Takotsubo (Stress) Cardiomyopathy
Takotsubo cardiomyopathy stands apart from the others because it is temporary. It strikes suddenly, usually after intense emotional or physical stress, such as the death of a loved one, a serious accident, or a major surgery. The bottom portion (apex) of the left ventricle balloons outward and stops contracting, while the base of the heart squeezes harder to compensate. This gives the heart a distinctive shape on imaging that resembles a Japanese octopus trap, which is where the name comes from.
During an episode, the heart’s pumping ability can drop dramatically, and the symptoms, including chest pain and shortness of breath, closely mimic a heart attack. The critical difference is that takotsubo is reversible. Heart function typically recovers within one to four weeks, with most studies reporting recovery times between about 11 and 24 days. Some patients experience an “inverted” pattern where the base of the heart balloons instead of the apex, but this is less common.
Peripartum Cardiomyopathy
Peripartum cardiomyopathy is a form of heart failure that develops in the final month of pregnancy or up to five months after delivery, when no other cause of heart failure can be identified. It most commonly appears in the last weeks before birth or the first weeks afterward. The heart dilates and weakens in a pattern similar to DCM, but the trigger is related to the unique cardiovascular stress of pregnancy.
Risk factors include being over 30, carrying multiples, having preeclampsia, and a history of high blood pressure. Some people recover heart function fully within months, while others develop lasting heart failure. Subsequent pregnancies carry a risk of recurrence, particularly for those whose heart function did not fully return to normal.
Genetic vs. Acquired Causes
Broadly, cardiomyopathies fall into two camps: those you’re born predisposed to and those caused by something external. Genetic cardiomyopathies, including most cases of HCM and arrhythmogenic cardiomyopathy, run in families and follow inheritance patterns that give each child of an affected parent roughly a 50 percent chance of carrying the gene variant. Genetic testing can identify at-risk family members before symptoms appear.

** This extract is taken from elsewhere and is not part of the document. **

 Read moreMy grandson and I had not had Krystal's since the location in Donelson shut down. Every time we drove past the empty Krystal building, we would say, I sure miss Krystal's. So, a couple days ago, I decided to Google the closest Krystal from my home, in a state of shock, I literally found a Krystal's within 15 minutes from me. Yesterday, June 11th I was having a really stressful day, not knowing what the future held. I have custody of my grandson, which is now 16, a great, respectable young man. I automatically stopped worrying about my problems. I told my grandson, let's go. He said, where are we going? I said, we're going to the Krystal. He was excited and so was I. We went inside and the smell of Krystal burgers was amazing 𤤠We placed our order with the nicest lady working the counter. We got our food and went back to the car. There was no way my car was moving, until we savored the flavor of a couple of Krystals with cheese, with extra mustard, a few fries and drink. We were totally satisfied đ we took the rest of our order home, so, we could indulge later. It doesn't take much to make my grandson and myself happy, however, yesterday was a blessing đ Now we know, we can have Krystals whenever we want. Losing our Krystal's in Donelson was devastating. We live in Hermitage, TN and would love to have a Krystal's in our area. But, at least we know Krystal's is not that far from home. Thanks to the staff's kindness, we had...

Acquired cardiomyopathies develop from damage or stress to previously healthy heart muscle. Chronic alcohol use, viral infections, uncontrolled diabetes, thyroid disorders, nutritional deficiencies, and exposure to certain toxins can all cause the heart to enlarge, stiffen, or weaken over time. In practice, many cases involve both: a person may carry a genetic vulnerability that only becomes apparent when an external stressor pushes the heart past its limits.
How Cardiomyopathy Is Managed
Treatment depends on the type and severity. For milder cases, medications that reduce the heart’s workload, control blood pressure, and prevent fluid buildup are the foundation. Many people with cardiomyopathy take a combination of drugs that help the heart pump more efficiently and prevent it from remodeling further.

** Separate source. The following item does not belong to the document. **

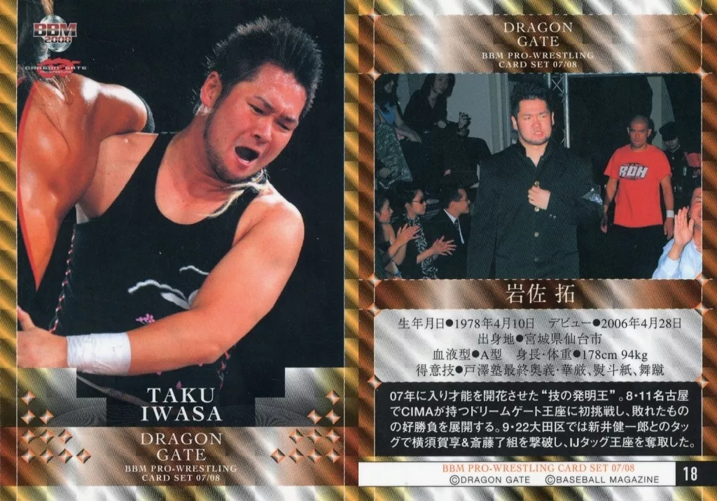 Japanese title: BBM/レギュラーカード/BBM2008 プロレスカードセット07-08 DRAGON GATE 18[レギュラーカード]:岩佐拓

When the heart’s pumping fraction drops below 35 percent and symptoms persist, an implantable device that detects and corrects dangerous rhythms may be recommended. This is particularly relevant for people with dilated or arrhythmogenic cardiomyopathy, where the risk of sudden cardiac arrest is elevated. For those with very advanced heart failure that doesn’t respond to other treatments, a mechanical pump or heart transplant becomes an option.
Lifestyle adjustments matter across all types. Limiting salt intake helps manage fluid retention. Moderate physical activity is encouraged for most cardiomyopathies, with the notable exception of arrhythmogenic cardiomyopathy and certain forms of HCM where intense exertion carries real risk. Avoiding alcohol is especially important when it may have contributed to the condition, since the heart can sometimes partially recover once the toxic exposure stops.